◆ What is required ◆
Your copy of the data below must be exact and must leave out all pictures.

◆ Exercise data ◆
━━━━━━━━━━━━━━━━

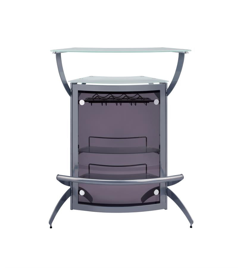 From fancy dinner parties to laid-back barbecues, this magnificent metal bar unit is the perfect upgrade to any room where guests may gather. Its versatile design provides a variety of convenient options for your entertaining needs. The contemporary curves of its metal frame add a sleek, sophisticated aesthetic, while transparent smoked acrylic panels put your glassware collection on proud display. A frosted, tempered glass top finishes off its bold, modern look. Featuring a handy metal rack for stemware and multiple shelves, this unit easily accommodates a wide variety of bar accessories.
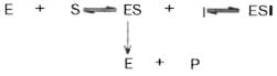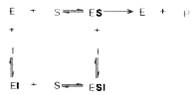 Следует указать, что неконкурентное ингибирование также может быть обратимым и необратимым, поскольку отсутствует конкуренция между субстратом и ингибитором за активный центр. Примеры необратимого ингибирования приведены ранее. При обратимом неконкурентном ингибировании субстрат S и ингибитор I связываются с разными центрами, поэтому появляется возможность образования как комплекса EI, так и тройного комплекса EIS; последний может распадаться с освобождением продукта, но с меньшей скоростью, чем комплекс ES.
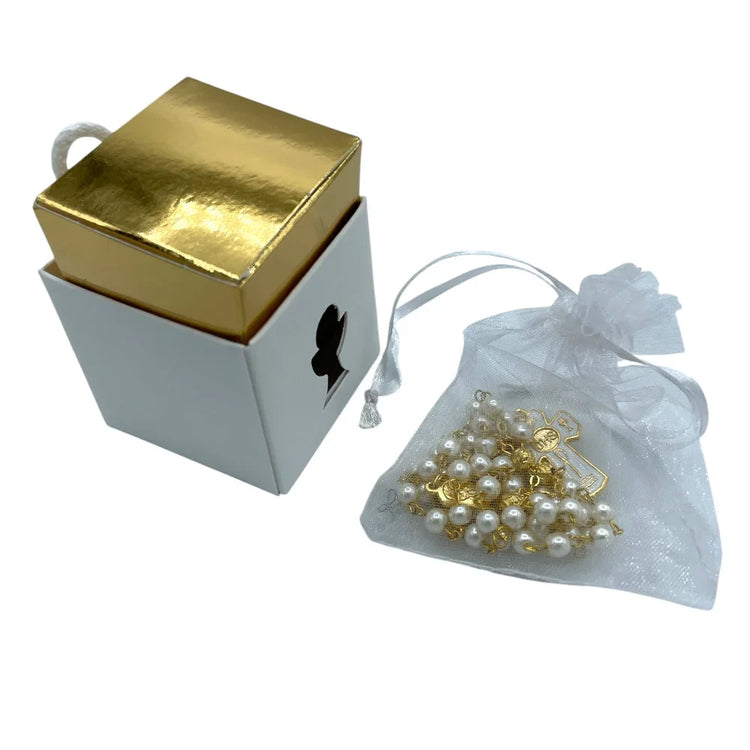Ogni rosario viene presentato in una elegante scatolina bianca con angelo stilizzato e coperchio dorato, accompagnata da una bustina organza trasparente. Questa doppia confezione rende il rosario perfetto come bomboniera o dono spirituale, pronto per essere consegnato senza bisogno di ulteriori preparazioni.

━━━━━━━━━━━━━━━━

◆ Response to the task ◆
 From fancy dinner parties to laid-back barbecues, this magnificent metal bar unit is the perfect upgrade to any room where guests may gather. Its versatile design provides a variety of convenient options for your entertaining needs. The contemporary curves of its metal frame add a sleek, sophisticated aesthetic, while transparent smoked acrylic panels put your glassware collection on proud display. A frosted, tempered glass top finishes off its bold, modern look. Featuring a handy metal rack for stemware and multiple shelves, this unit easily accommodates a wide variety of bar accessories.
 Следует указать, что неконкурентное ингибирование также может быть обратимым и необратимым, поскольку отсутствует конкуренция между субстратом и ингибитором за активный центр. Примеры необратимого ингибирования приведены ранее. При обратимом неконкурентном ингибировании субстрат S и ингибитор I связываются с разными центрами, поэтому появляется возможность образования как комплекса EI, так и тройного комплекса EIS; последний может распадаться с освобождением продукта, но с меньшей скоростью, чем комплекс ES.
Ogni rosario viene presentato in una elegante scatolina bianca con angelo stilizzato e coperchio dorato, accompagnata da una bustina organza trasparente. Questa doppia confezione rende il rosario perfetto come bomboniera o dono spirituale, pronto per essere consegnato senza bisogno di ulteriori preparazioni.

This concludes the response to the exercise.